In [4]:
import pandas as pd
import os

# 定义输入输出映射
files = {
    "cafe_brunch_bakery_desc.csv": "cafe.csv",
    "restaurant_english_clean_desc.csv": "restaurant.csv",
    "milktea_juice_english_clean.csv": "milk_juice.csv",
    "melbourne_cbd_bars.csv": "bars.csv"
}

for src, dst in files.items():
    if not os.path.exists(src):
        print(f"⚠️ 文件未找到: {src}")
        continue

    print(f"🔹 正在处理 {src} ...")

    df = pd.read_csv(src)

    # 处理 description
    if 'description' in df.columns:
        df['description'] = df['description'].astype(str).str.replace(r"\|.*$", "", regex=True).str.strip()
    else:
        print("  ⚠️ 未找到 'description' 列。")

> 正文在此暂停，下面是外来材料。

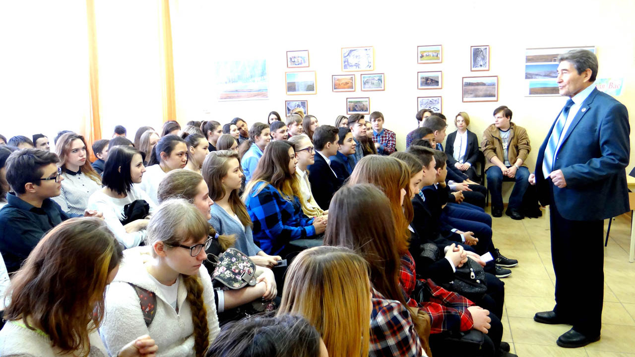УФА, 10 апр 2017. /ИА «Башинформ», Алим Фаизов/. В Центральной городской библиотеке Уфы состоялся творческий вечер лауреата международных литературных премий имени Сергея Михалкова, имени Владимира Гиляровского (Россия), «Алеко» (Болгария) и Николая Гоголя (Украина), обладателя Индульгенции Международного Дома юмора и сатиры (Габрово), почетных званий «Золотое перо России» и «Серебряное перо Руси» Марселя Салимова (Мар. Салим). Как сообщил библиотекарь Азат Абдрафиков, в лекционный зал главной библиотеки столицы пришли учащиеся школы №97 Уфы и студенты Башкирского института социальных технологий.

    # 去除 openinghour 为空的数据
    open_cols = [c for c in df.columns if c.lower() in ["openinghour", "openinghours"]]
    if open_cols:
        col = open_cols[0]
        before = len(df)
        df = df[df[col].notna()]
        df = df[df[col].astype(str).str.strip() != ""]
        removed = before - len(df)
        print(f"  ✅ 删除 {removed} 条 openinghour 为空的数据。")
    else:
        print("  ⚠️ 未找到 'openinghour' 列。")

    # 保存
    df.to_csv(dst, index=False, encoding="utf-8-sig")
    print(f"  💾 已保存为 {dst} （剩余 {len(df)} 条）\n")

print("🎉 全部处理完成！")



🔹 正在处理 cafe_brunch_bakery_desc.csv ...
  ✅ 删除 0 条 openinghour 为空的数据。
  💾 已保存为 cafe.csv （剩余 85 条）

🔹 正在处理 restaurant_english_clean_desc.csv ...
  ✅ 删除 26 条 openinghour 为空的数据。
  💾 已保存为 restaurant.csv （剩余 464 条）

🔹 正在处理 milktea_juice_english_clean.csv ...
  ✅ 删除 2 条 openinghour 为空的数据。
  💾 已保存为 milk_juice.csv （剩余 70 条）

🔹 正在处理 melbourne_cbd_bars.csv ...
  ✅ 删除 0 条 openinghour 为空的数据。
  💾 已保存为 bars.csv （剩余 51 条）

🎉 全部处理完成！


In [5]:
import pandas as pd

# ===== 文件路径（请根据你的文件名修改）=====
files = [
    "cafe_brunch_bakery_desc.csv",
    "restaurant_english_clean_desc.csv",
    "milktea_juice_english_clean.csv",
    "melbourne_cbd_bars.csv"
]

# ===== 初始化空 DataFrame =====
all_desc = pd.DataFrame(columns=["place_id", "description", "category"])

# ===== 循环读取并提取字段 =====
for f in files:
    try:
        df = pd.read_csv(f)
        
        # 统一字段名，兼容大小写差异
        cols = [c.lower() for c in df.columns]
        df.columns = cols
        
        # 只保留 description 和 place_id
        if "description" in df.columns and "place_id" in df.columns:
            cat = f.split(".")[0]  # 从文件名提取类别
            temp = df[["place_id", "description"]].copy()
            temp["category"] = cat
            all_desc = pd.concat([all_desc, temp], ignore_index=True)
        else:
            print(f"⚠️ 文件 {f} 缺少必要字段，已跳过。")
    except Exception as e:
        print(f"❌ 读取 {f} 时出错：{e}")

# ===== 去除空描述 =====
all_desc = all_desc.dropna(subset=["description"])
all_desc = all_desc[all_desc["description"].str.strip() != ""]

# ===== 输出到新文件 =====
all_desc.to_csv("desc.csv", index=False, encoding="utf-8-sig")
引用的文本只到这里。